-- Requirement --
When the line with "早上集合完毕,志愿者们领取打" turns up below, begin repeating exactly, and carry on through the line with "A symposium on"; no pictures go into the copy.

Saved entries
=== Begin Enclosure ===

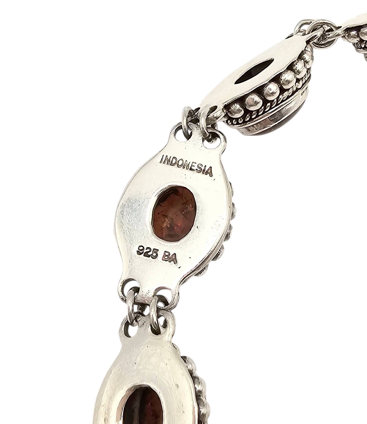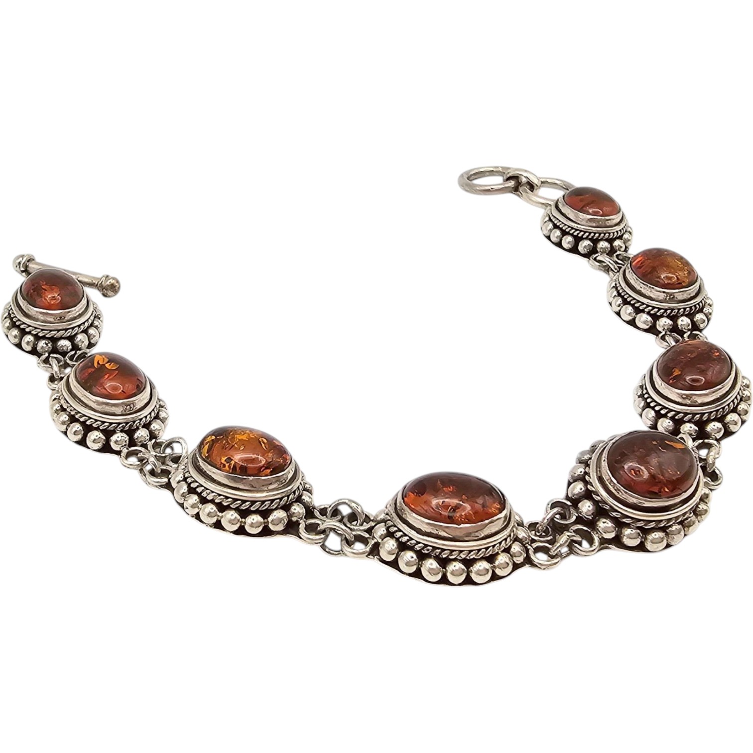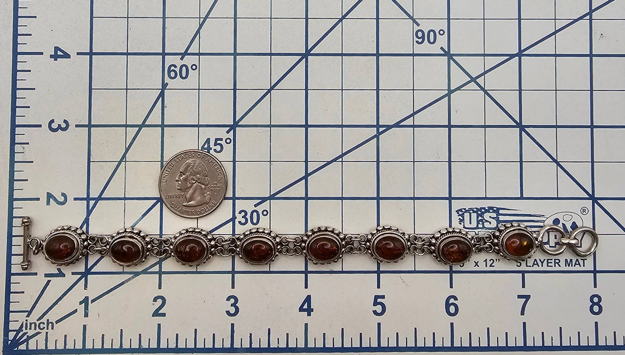 Sterling silver bracelet featuring oval amber cabochons, stamped with ‘INDONESIA 925 BA’. The bracelet has a toggle clasp and is intricately designed with a total weight of 33 grams. Each amber cabochon is encased in decorative sterling silver settings, connected by chain links.
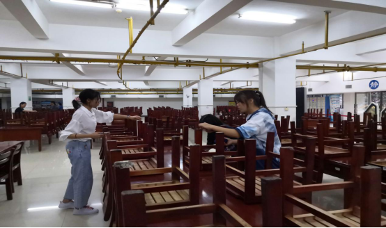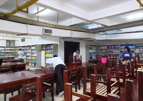 早上集合完毕,志愿者们领取打扫用的抹布和水桶后便正式开始打扫校图书馆,根据分配的区域,志愿者们协调分工,大家齐心协力分工合作,愉快高效的完成了此项任务。在打扫过程中,志愿者们都很注意自己的言行,交流尽量小声,以免影响到阅读室中读者们的学习。勤奋认真、吃苦耐劳的“老带新”志愿精神在外院一届一届的传承。
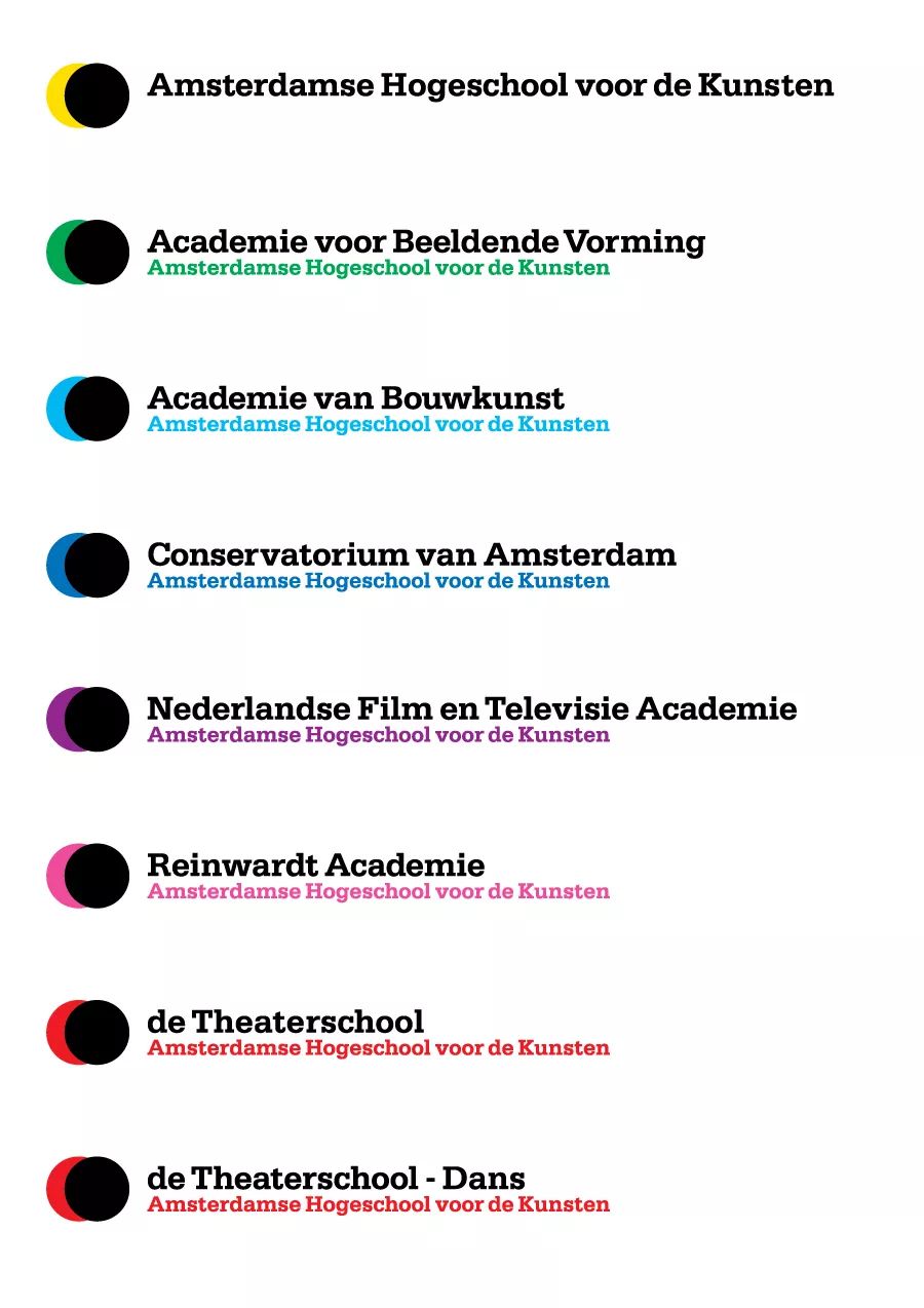 新的身份使阿姆斯特丹艺术大学及其六个学院具有可见性和可识别性。一个符号,两个完美的圆向右偏移,位于底部。每个教职员工都通过自己的颜色清楚地识别。其特点是,教职员工的名称保持黑色,而主要机构的名称适应其颜色。
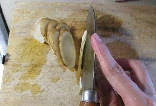 然后斜切,切成片,加入高汤中煮20分钟左右。牛蒡不建议煮的时间过长,因为除了营养成分流失外,还会造成酸甜苦涩的味道。我担心宝宝不适应这个味道!
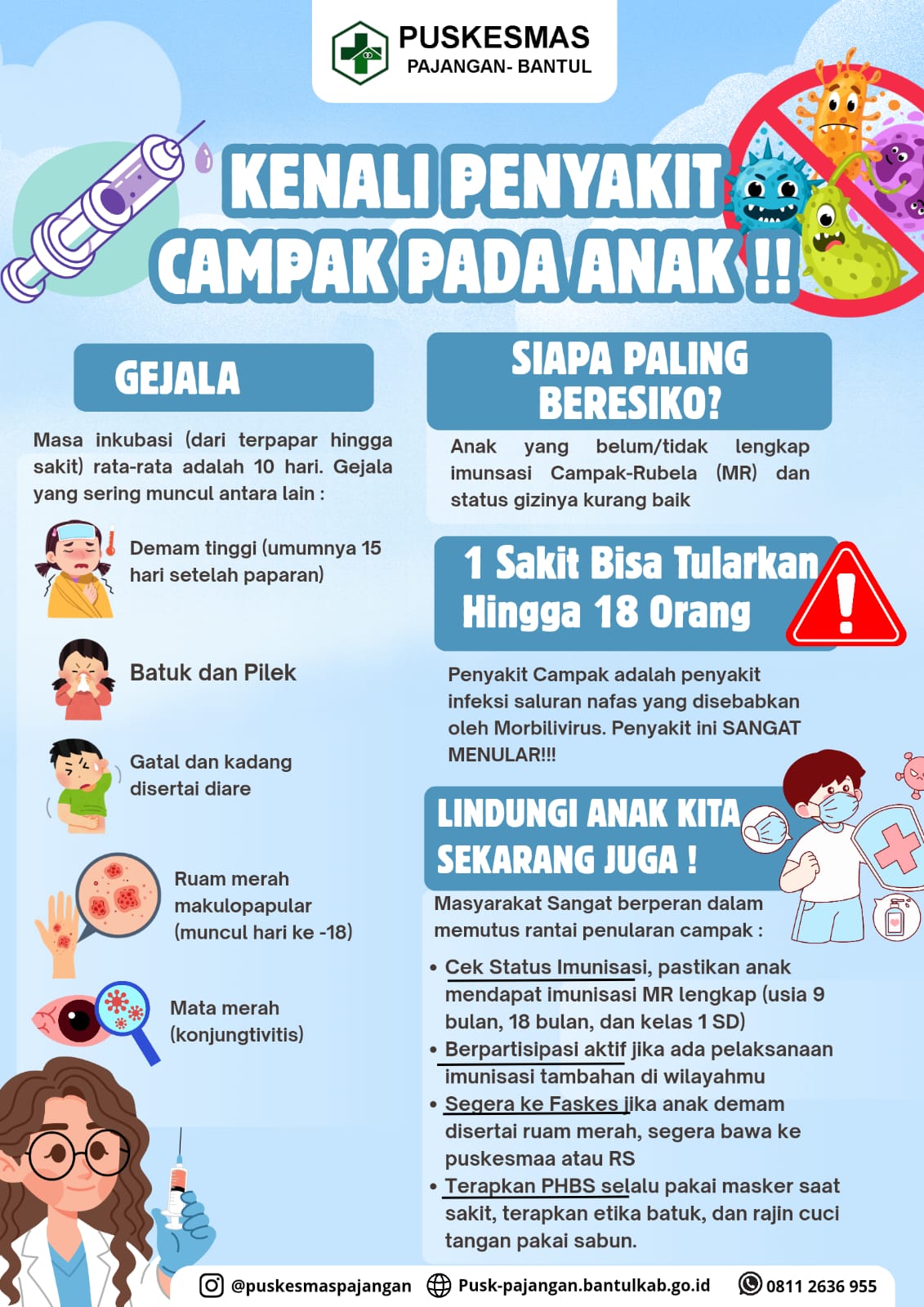 Campak adalah penyakit infeksi yang sangat mudah menular dan sering menyerang bayi serta anak-anak. Penyakit ini disebabkan oleh virus dan menyebar melalui percikan batuk atau bersin dari penderita.
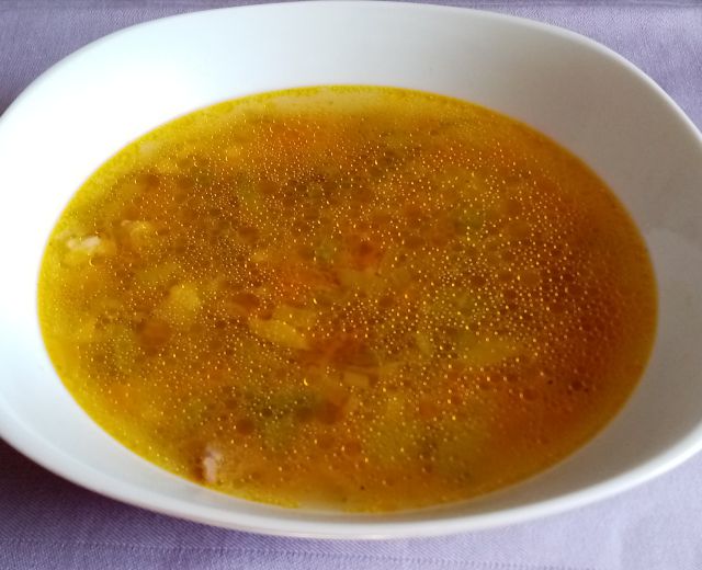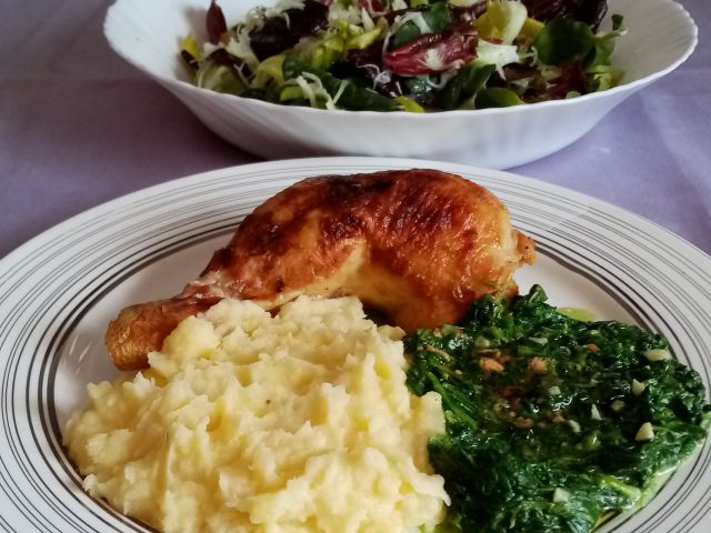 Kostna juha z naribanim korenčkom, zeleno in porom; nadevano piščančje bedro, pire krompir/zelena, špinača; radič z zeljem in krompirjem
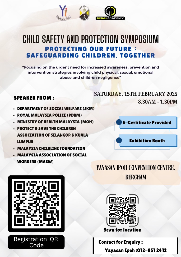 A symposium on the topic of child safety and protection will be held at Yayasan Ipoh (YI)’s Convention Centre at Bercham. This symposium will be held on 15 February, which is a Saturday, from 8.30 am to 1.30 pm.
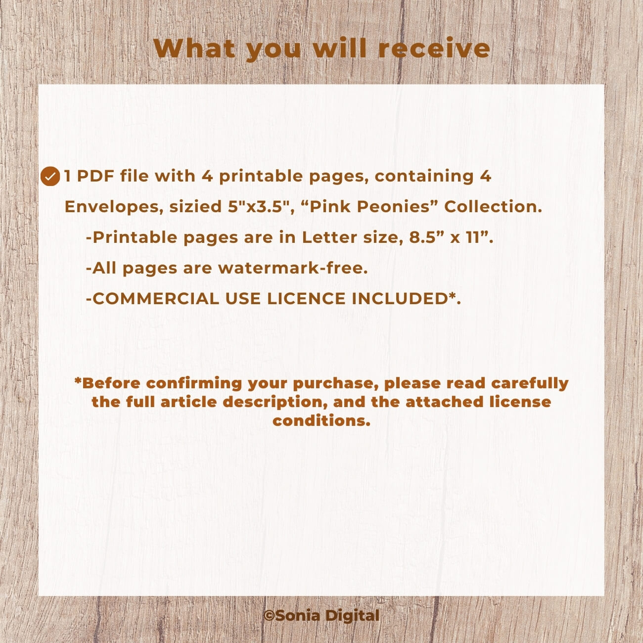 🔸4 printable pages containing 4 Envelopes sized 5”x3.5”, “Pink Peonies” Collection. Printable pages are in Letter size (8.5”x11”). Envelope format identical on all pages. All pages are sold watermark-free. Commercial use license included*.

=== End Enclosure ===

-- Answer to the exercise --
 早上集合完毕,志愿者们领取打扫用的抹布和水桶后便正式开始打扫校图书馆,根据分配的区域,志愿者们协调分工,大家齐心协力分工合作,愉快高效的完成了此项任务。在打扫过程中,志愿者们都很注意自己的言行,交流尽量小声,以免影响到阅读室中读者们的学习。勤奋认真、吃苦耐劳的“老带新”志愿精神在外院一届一届的传承。
 新的身份使阿姆斯特丹艺术大学及其六个学院具有可见性和可识别性。一个符号,两个完美的圆向右偏移,位于底部。每个教职员工都通过自己的颜色清楚地识别。其特点是,教职员工的名称保持黑色,而主要机构的名称适应其颜色。
 然后斜切,切成片,加入高汤中煮20分钟左右。牛蒡不建议煮的时间过长,因为除了营养成分流失外,还会造成酸甜苦涩的味道。我担心宝宝不适应这个味道!
 Campak adalah penyakit infeksi yang sangat mudah menular dan sering menyerang bayi serta anak-anak. Penyakit ini disebabkan oleh virus dan menyebar melalui percikan batuk atau bersin dari penderita.
 Kostna juha z naribanim korenčkom, zeleno in porom; nadevano piščančje bedro, pire krompir/zelena, špinača; radič z zeljem in krompirjem
 A symposium on the topic of child safety and protection will be held at Yayasan Ipoh (YI)’s Convention Centre at Bercham. This symposium will be held on 15 February, which is a Saturday, from 8.30 am to 1.30 pm.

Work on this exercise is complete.